Answer: bellow .
Explanation:
To find the value of sin^2(2 deg) + sin^2(3 deg) + sin^2(88 deg) + sin^2(87 deg), we can use the trigonometric identity:
sin^2(x) + cos^2(x) = 1
Since the question is asking for the sum of four terms, we can use this identity to simplify the expression:
sin^2(2 deg) + sin^2(3 deg) + sin^2(88 deg) + sin^2(87 deg) = 1 - cos^2(2 deg) + 1 - cos^2(3 deg) + 1 - cos^2(88 deg) + 1 - cos^2(87 deg)
Next, let's use the fact that cos(x) = sin(90 deg - x):
= 1 - cos^2(2 deg) + 1 - cos^2(3 deg) + 1 - cos^2(2 deg) + 1 - cos^2(3 deg)
Now, we can use the identity sin^2(x) = 1 - cos^2(x):
= 1 - cos^2(2 deg) + 1 - cos^2(3 deg) + 1 - cos^2(2 deg) + 1 - cos^2(3 deg)
= 4 - (cos^2(2 deg) + cos^2(3 deg) + cos^2(2 deg) + cos^2(3 deg))
= 4 - 2(cos^2(2 deg) + cos^2(3 deg))
Now, we can substitute the values of cos(2 deg) and cos(3 deg) using a calculator or trigonometric tables.
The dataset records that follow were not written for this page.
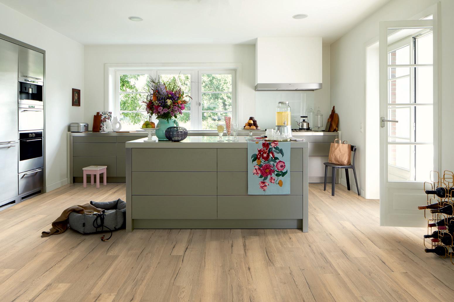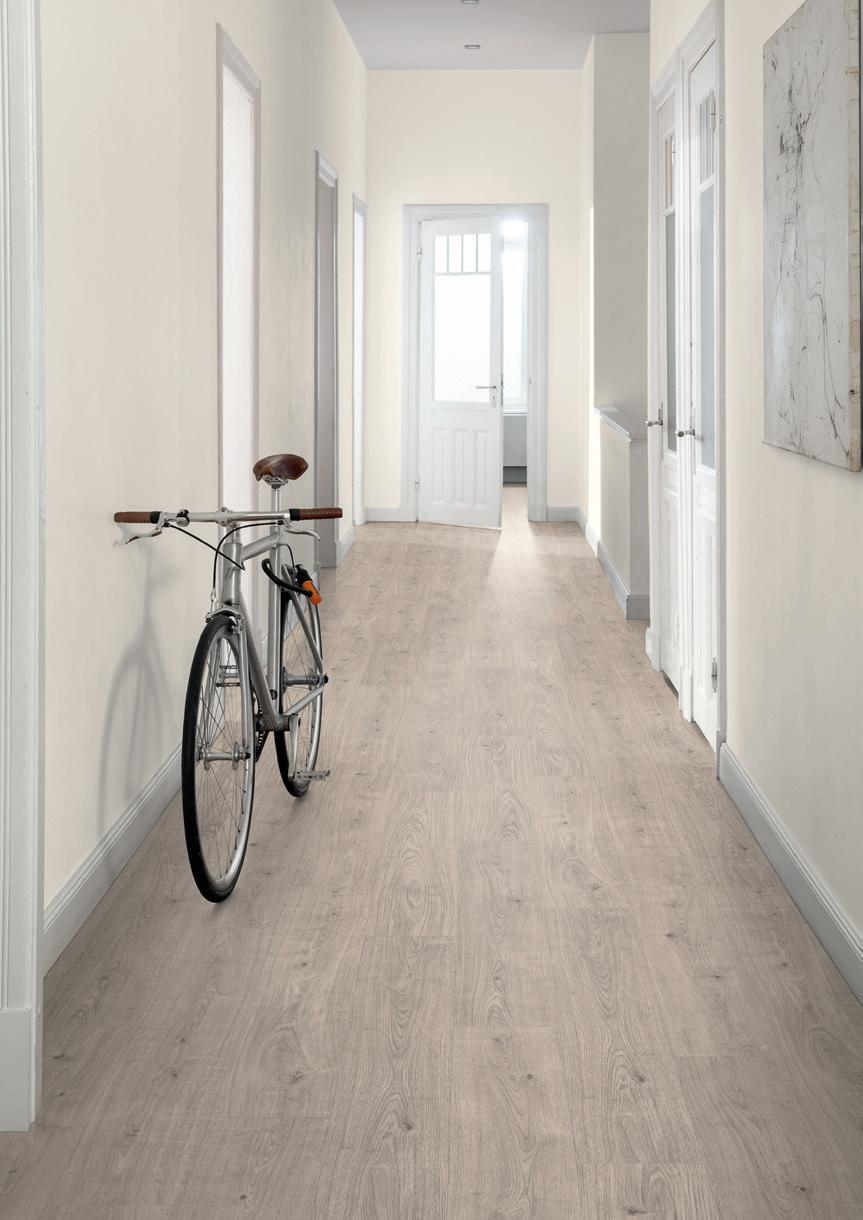 VODOODPOREN POD EGGER HOME DESIGN GREEN TEC Velikost plošče: 1.292/193 mm, plavajoče polaganje, podloga iz plute je integrirana v talno oblogo, 4-stranska fuga. 3239
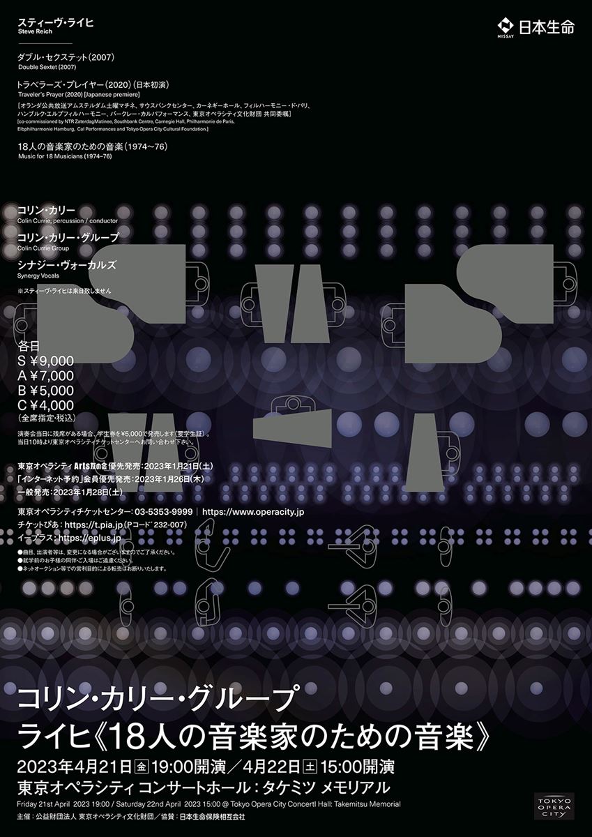 コリン・カリー・グループ 23/4/21(金)~23/4/22(土) 東京オペラシティ コンサートホール:タケミツメモリアル シェア ツイート ライヒ《18人の音楽家のための音楽》 公演情報 ジャンル 器楽 室内楽 未就学児童は入場不可。 料金 S席-9,000円 A席-7,000円 B席-5,000円 C席-4,000円 表示できるチケット情報はありません詳しくはこちら キャスト&スタッフ 出演 コリン・カリー・グループ 共演 シナジー・ヴォーカルズ お問い合わせ 東京オペラシティチケットセンター 公式サイト シェア ツイート
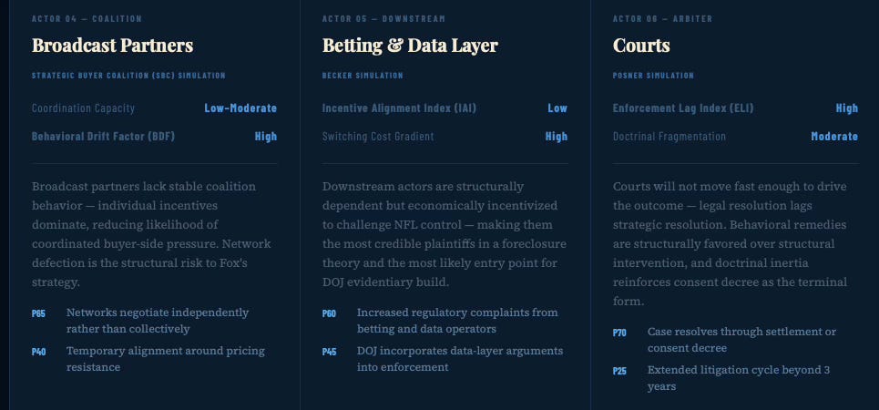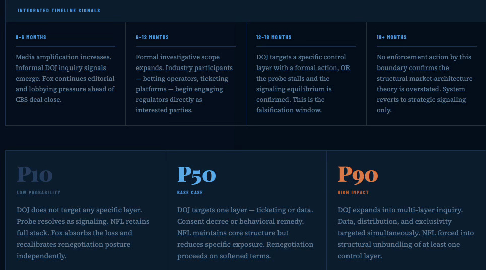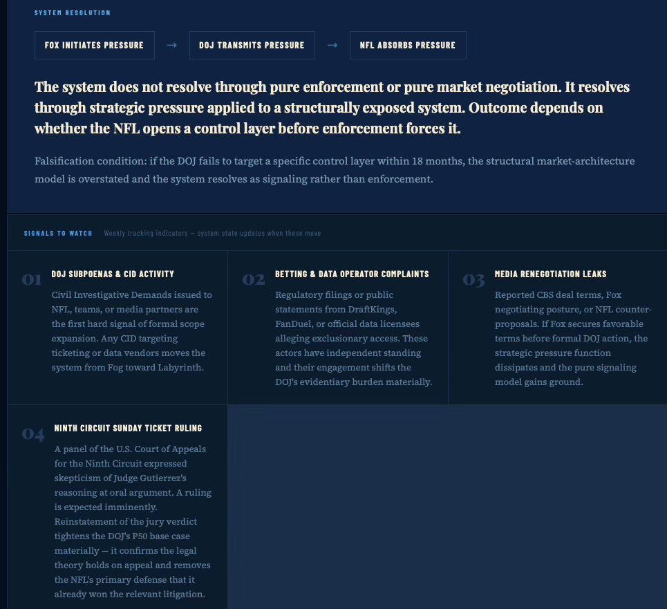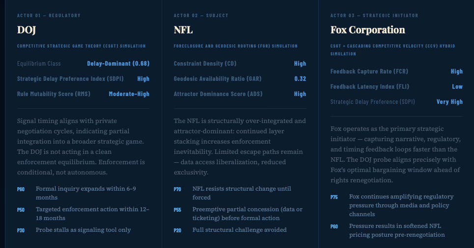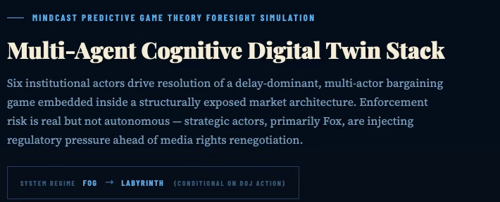 The Dual Nash-Stigler Equilibrium Architecture, MindCast AI, January 21, 2026. Documents the two Nobel Prize-grounded runtime constraints governing all MindCast simulations: Nash equilibrium as the behavioral settlement termination condition — determining when the DOJ-NFL-Fox conflict resolves because no actor can improve by continuing to fight — and Stigler equilibrium as the inquiry sufficiency governor, determining when the DOJ stops building its evidentiary case. The P50 base case prediction in this publication (targeted enforcement, consent decree) reflects a Nash-governed settlement basin; the 18-month falsification boundary reflects a Stigler-governed information sufficiency cutoff.
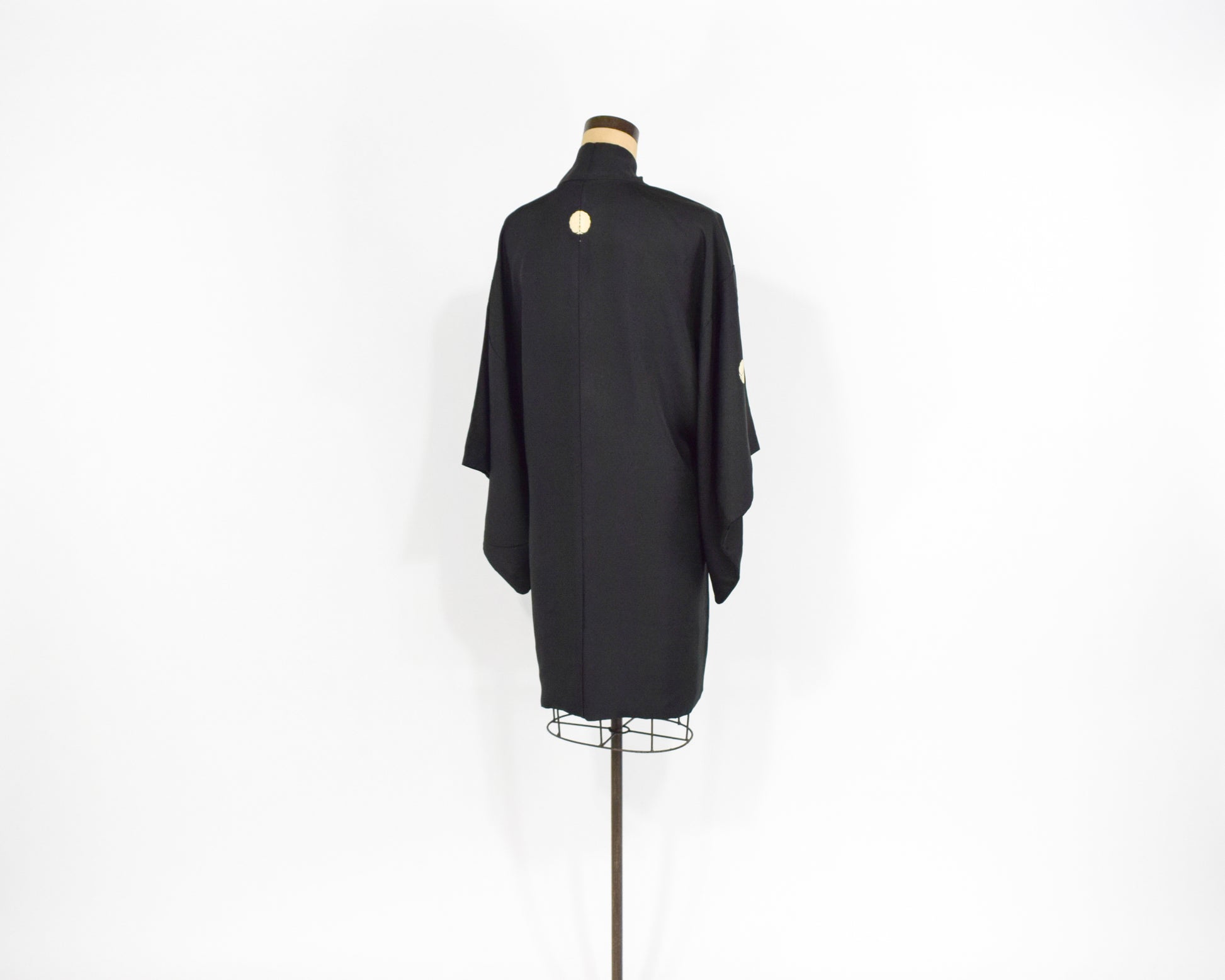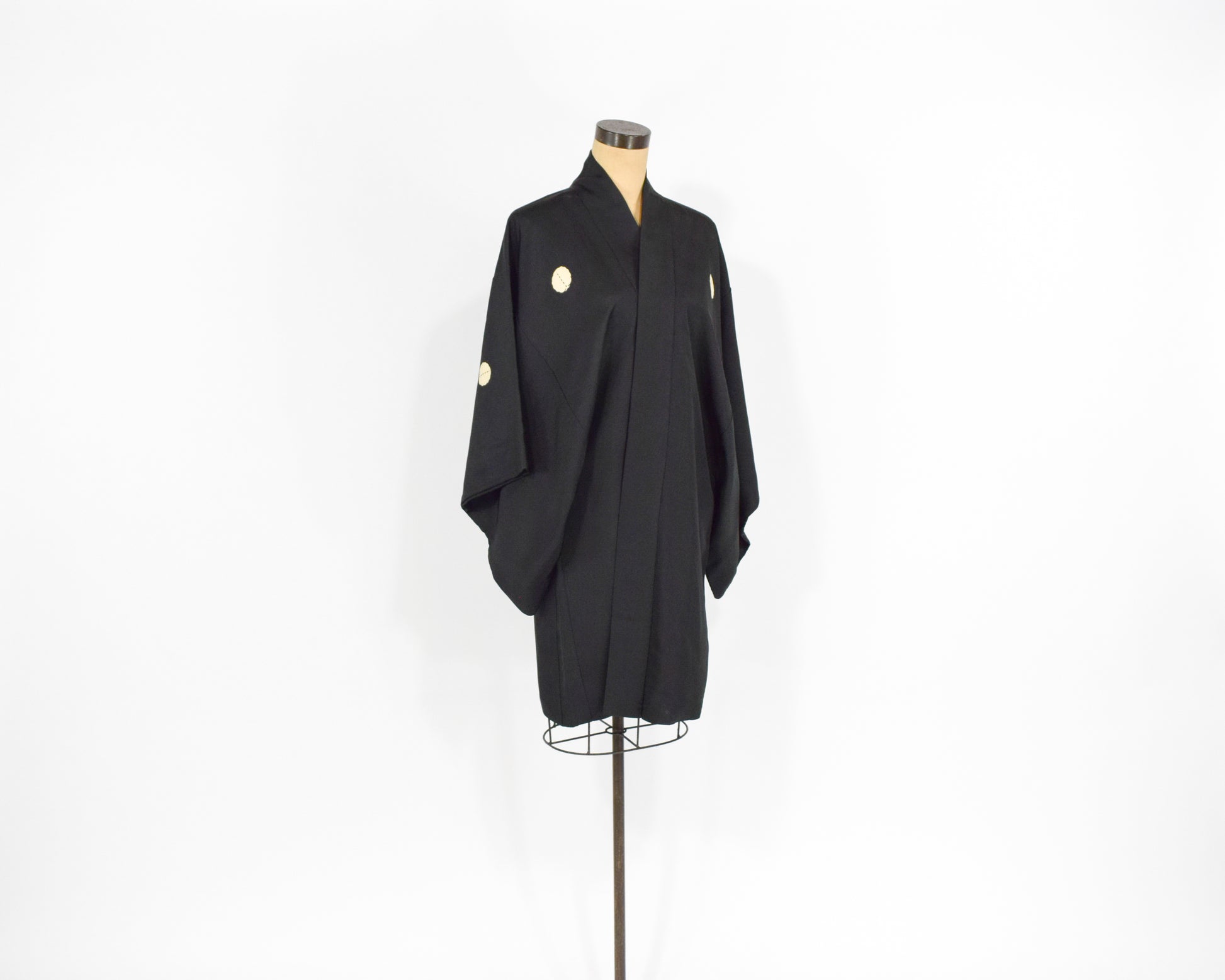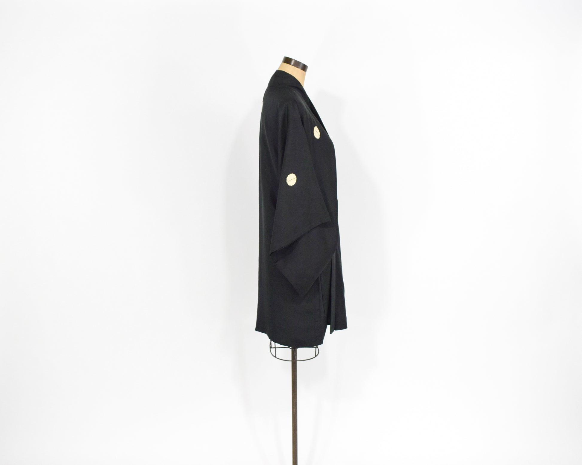 Vintage Haori Kimono, Black Bird Print Silk Kimono
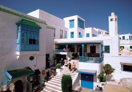 突尼斯城以北20公里处,地中海南岸,坐落着北非最美丽、最浪漫的小镇西迪布撒以德。中世纪时,躲避宗教迫害的西班牙原住民从伊比利半岛渡过地中海,逃到了这座悬崖小镇,并在此安家扎寨。当时的人们应该不会料到,昔日草草逃生的避难所如今却是世界十大浪漫小镇之一,满满一个城的安达路西亚风格的白屋蓝窗,满满一个城飘散着丁香花瓣,在它高高的悬崖上,随便一望,就能看见淡绿色的柔情的海。沿着泛青绿色光的石板路逶迤前行,你会看到白色的古堡、白色的平顶屋,高高低低,错落而成童话里的姿势。

After calculating the values, we can plug them back into the expression:
= 4 - 2(0.99939^2 + 0.99863^2)
= 4 - 2(0.99878 + 0.99727)
= 4 - 2(1.99505)
= 4 - 3.9901
= 0.0099
Therefore, sin^2(2 deg) + sin^2(3 deg) + sin^2(88 deg) + sin^2(87 deg) is approximately equal to 0.0099.